» **ENTRIES SUPPLIED**:
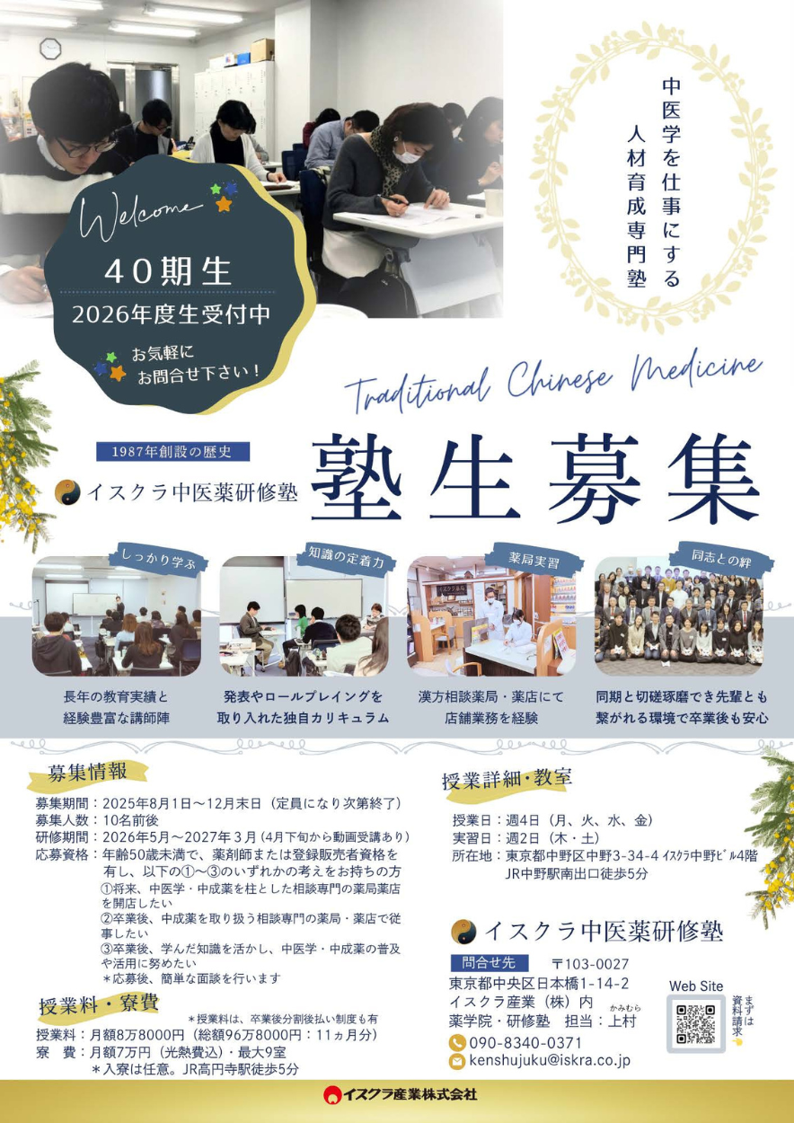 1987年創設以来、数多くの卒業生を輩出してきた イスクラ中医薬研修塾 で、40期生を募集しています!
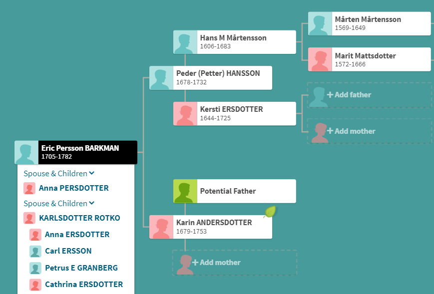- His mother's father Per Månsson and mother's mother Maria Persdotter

...

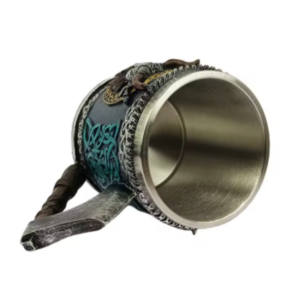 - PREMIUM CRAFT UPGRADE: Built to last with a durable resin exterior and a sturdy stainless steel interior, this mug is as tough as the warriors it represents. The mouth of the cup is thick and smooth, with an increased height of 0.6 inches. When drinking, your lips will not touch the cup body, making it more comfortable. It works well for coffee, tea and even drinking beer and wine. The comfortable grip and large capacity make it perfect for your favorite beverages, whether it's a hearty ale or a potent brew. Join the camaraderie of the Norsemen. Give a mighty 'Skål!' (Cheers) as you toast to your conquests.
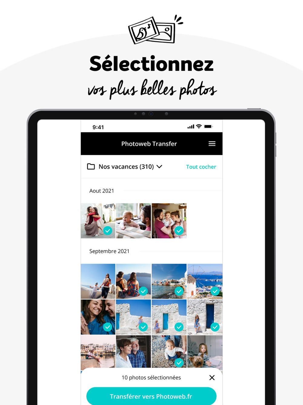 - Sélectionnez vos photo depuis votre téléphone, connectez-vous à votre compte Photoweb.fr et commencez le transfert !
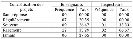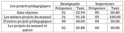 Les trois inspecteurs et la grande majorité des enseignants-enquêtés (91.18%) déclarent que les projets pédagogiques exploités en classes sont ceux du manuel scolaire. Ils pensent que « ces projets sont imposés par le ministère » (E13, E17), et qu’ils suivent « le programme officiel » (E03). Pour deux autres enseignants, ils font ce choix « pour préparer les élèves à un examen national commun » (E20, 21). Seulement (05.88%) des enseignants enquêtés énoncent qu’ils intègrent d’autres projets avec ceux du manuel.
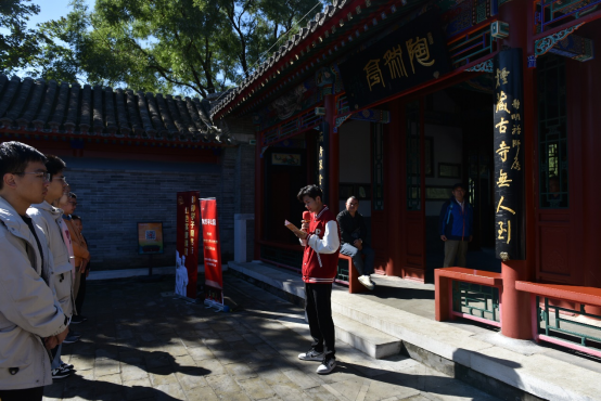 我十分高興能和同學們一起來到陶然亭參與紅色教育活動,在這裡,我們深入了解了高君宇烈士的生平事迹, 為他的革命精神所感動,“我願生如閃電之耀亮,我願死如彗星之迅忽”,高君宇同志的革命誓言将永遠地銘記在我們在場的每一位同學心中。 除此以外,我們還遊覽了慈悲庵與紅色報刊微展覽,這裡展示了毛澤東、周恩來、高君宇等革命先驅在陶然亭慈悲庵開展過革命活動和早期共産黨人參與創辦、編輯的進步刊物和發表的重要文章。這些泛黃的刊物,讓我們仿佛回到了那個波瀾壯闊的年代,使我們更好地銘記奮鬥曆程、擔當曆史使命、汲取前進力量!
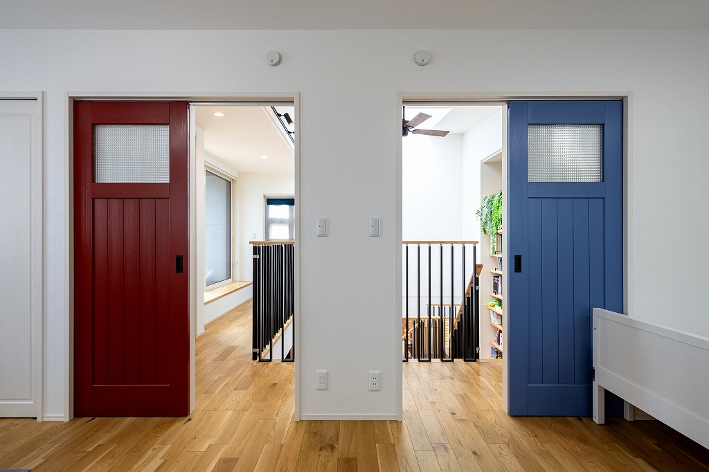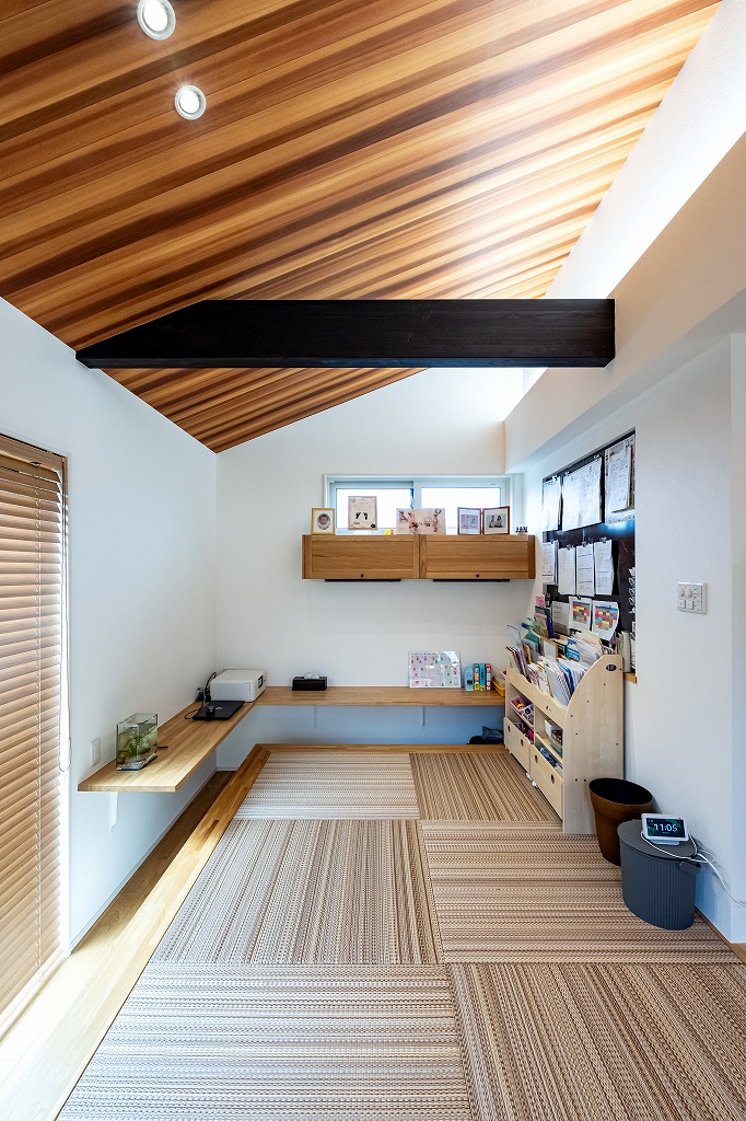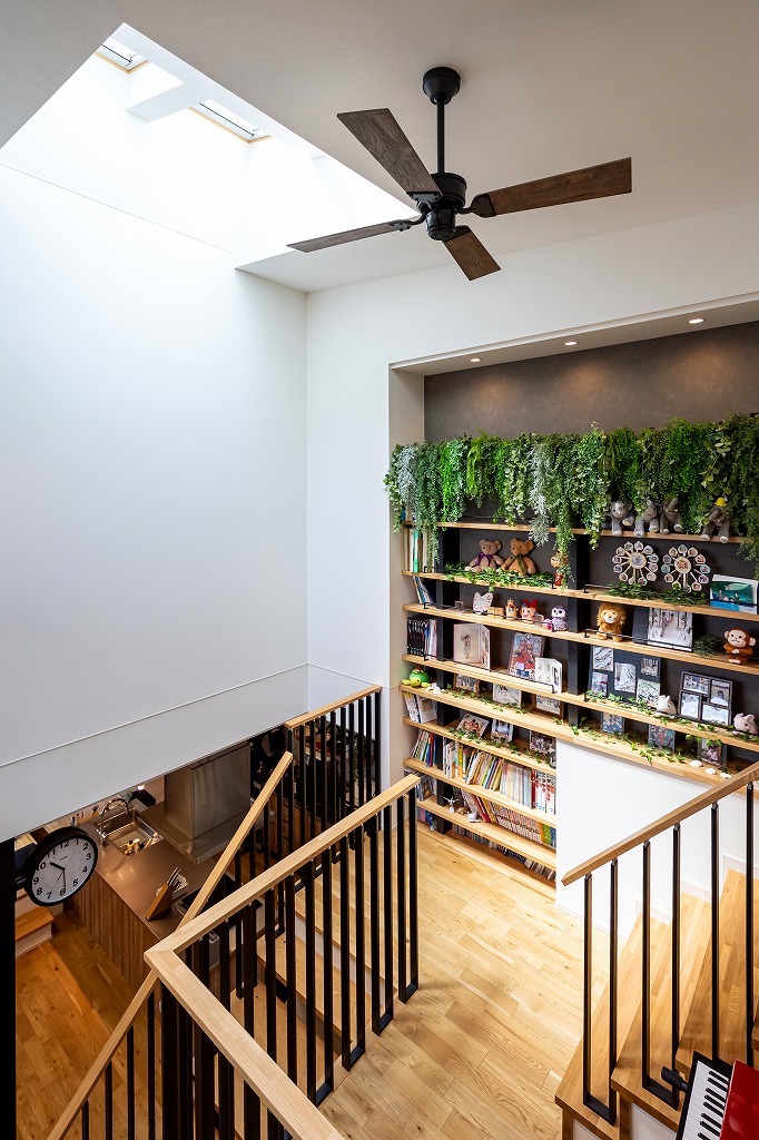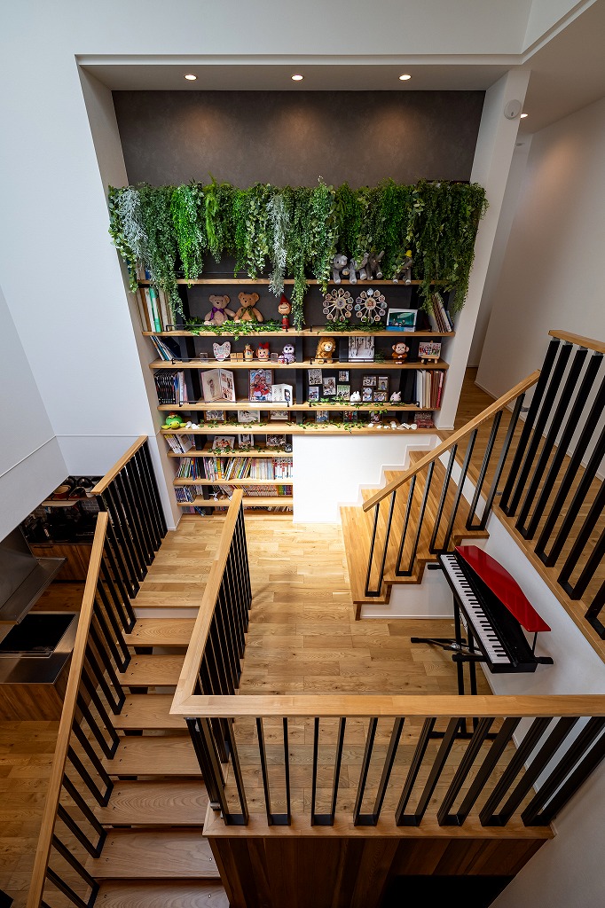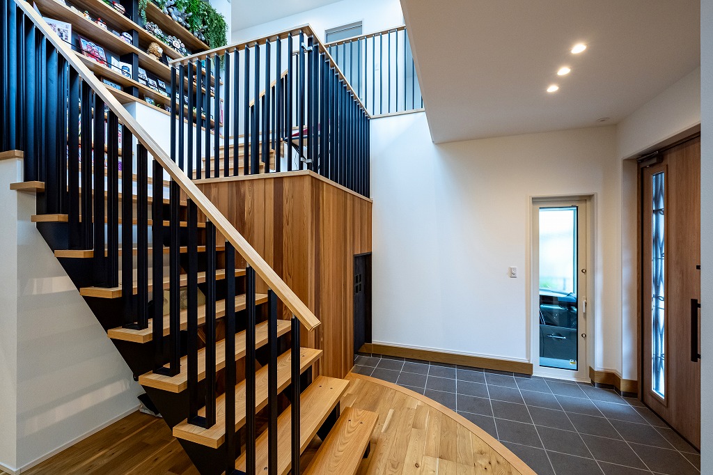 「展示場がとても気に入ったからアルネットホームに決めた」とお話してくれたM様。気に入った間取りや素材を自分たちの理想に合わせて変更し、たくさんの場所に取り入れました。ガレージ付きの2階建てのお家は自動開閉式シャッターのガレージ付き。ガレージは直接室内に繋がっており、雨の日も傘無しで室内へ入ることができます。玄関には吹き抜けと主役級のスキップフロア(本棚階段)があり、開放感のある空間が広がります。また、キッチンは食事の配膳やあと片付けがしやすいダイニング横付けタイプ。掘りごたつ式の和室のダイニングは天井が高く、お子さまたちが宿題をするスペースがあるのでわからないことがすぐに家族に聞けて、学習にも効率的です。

...

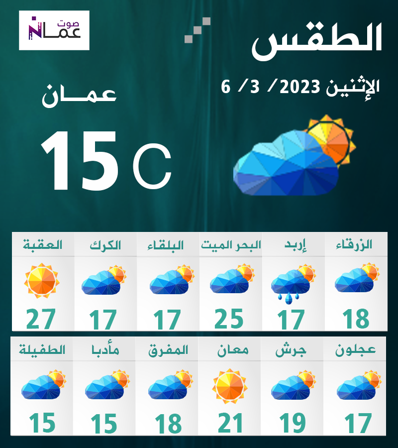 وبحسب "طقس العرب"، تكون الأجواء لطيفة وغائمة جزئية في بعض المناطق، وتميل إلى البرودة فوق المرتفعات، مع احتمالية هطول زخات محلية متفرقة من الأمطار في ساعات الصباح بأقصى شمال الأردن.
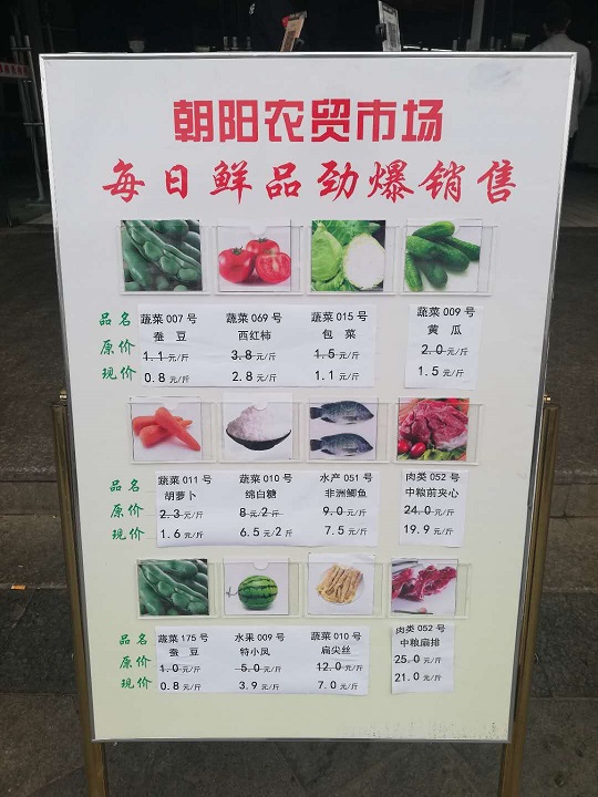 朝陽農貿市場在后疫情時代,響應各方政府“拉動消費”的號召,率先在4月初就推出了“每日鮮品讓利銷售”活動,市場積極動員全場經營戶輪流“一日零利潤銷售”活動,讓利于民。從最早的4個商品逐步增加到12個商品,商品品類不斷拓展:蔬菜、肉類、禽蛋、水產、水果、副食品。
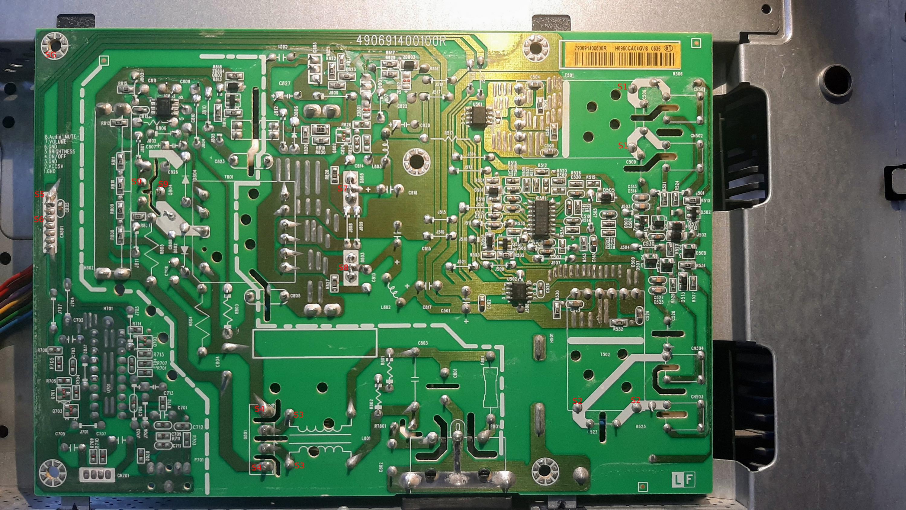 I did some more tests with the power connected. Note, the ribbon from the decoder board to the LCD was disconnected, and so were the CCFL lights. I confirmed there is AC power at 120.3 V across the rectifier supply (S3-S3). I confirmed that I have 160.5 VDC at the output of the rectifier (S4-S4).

» **WORK ITEM**: Go down the entries above from the line containing "1987年創設以来、数多くの卒業生を輩出してきた イスクラ中医薬研修塾 で、40期生を募集しています!" to the line containing "- His mother's" and write out each line exactly, leaving pictures out.

» **TASK RESPONSE**:
 1987年創設以来、数多くの卒業生を輩出してきた イスクラ中医薬研修塾 で、40期生を募集しています!
- His mother's father Per Månsson and mother's mother Maria Persdotter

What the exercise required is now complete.